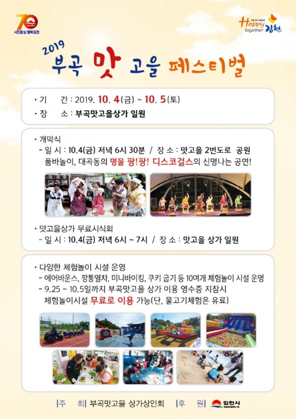부곡맛고을상가상안회에서는 10월 4일∼5일 2일간 2019년 부곡맛고을 페스티벌을 개최한다.
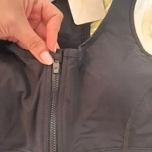 High-support front-zip sports bra by Fabletics. Smooth, stretchy fabric for all-day comfort. Racerback design for freedom of movement, plus handy pocket. Wide underband for added support. Easy front closure for quick on and off.
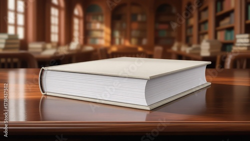 © SopnilJahan, Fototapeta premium A thick closed white book rests on a polished wooden table in a grand library with blurred bookshelves in the background
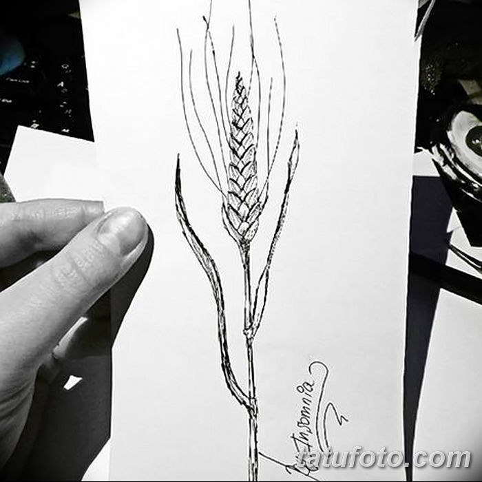 Búzafül -tetoválás vázlatai – eredeti rajzgyűjtemény egy fényképen lévő tetováláshoz
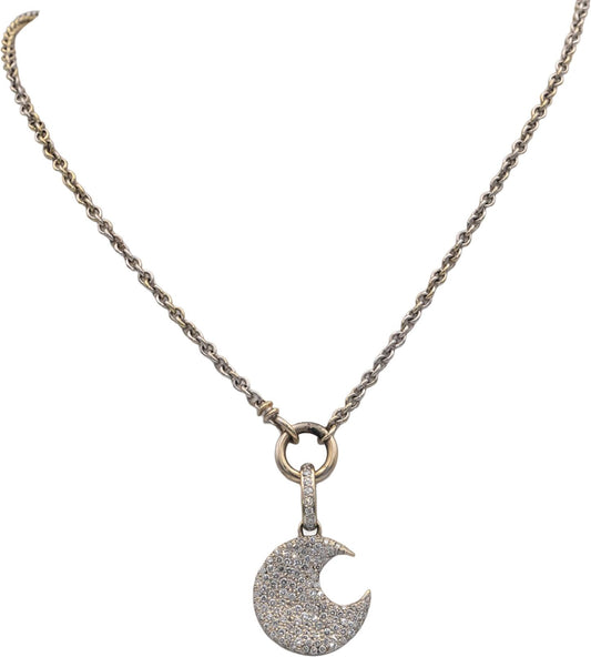 18k White Gold VS Diamond Cluster Crescent Moon Pendant Necklace 1.50CT
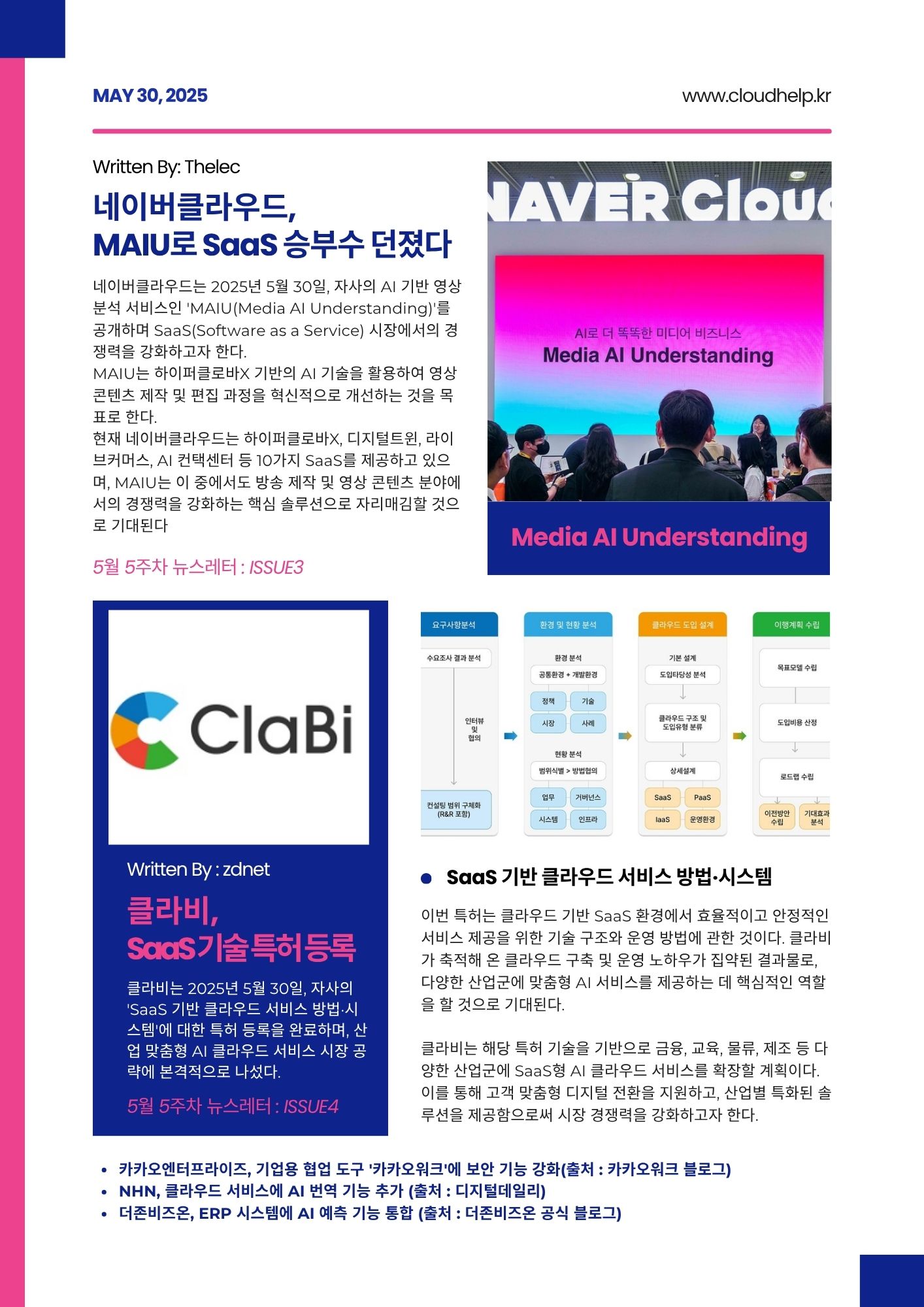 국내외 클라우드·SaaS·AI관련 주요 소식과 이슈를 주간 뉴스레터 콘텐츠로 정리해 제공합니다.

*****

◆ WHAT YOU HAVE TO DO ◆
Reproduce only the lines from the first line of the entries through the line containing "in the background", exactly and with both ends kept. Omit the pictures.

◆ REPLY ◆
부곡맛고을상가상안회에서는 10월 4일∼5일 2일간 2019년 부곡맛고을 페스티벌을 개최한다.
 High-support front-zip sports bra by Fabletics. Smooth, stretchy fabric for all-day comfort. Racerback design for freedom of movement, plus handy pocket. Wide underband for added support. Easy front closure for quick on and off.
 © SopnilJahan, Fototapeta premium A thick closed white book rests on a polished wooden table in a grand library with blurred bookshelves in the background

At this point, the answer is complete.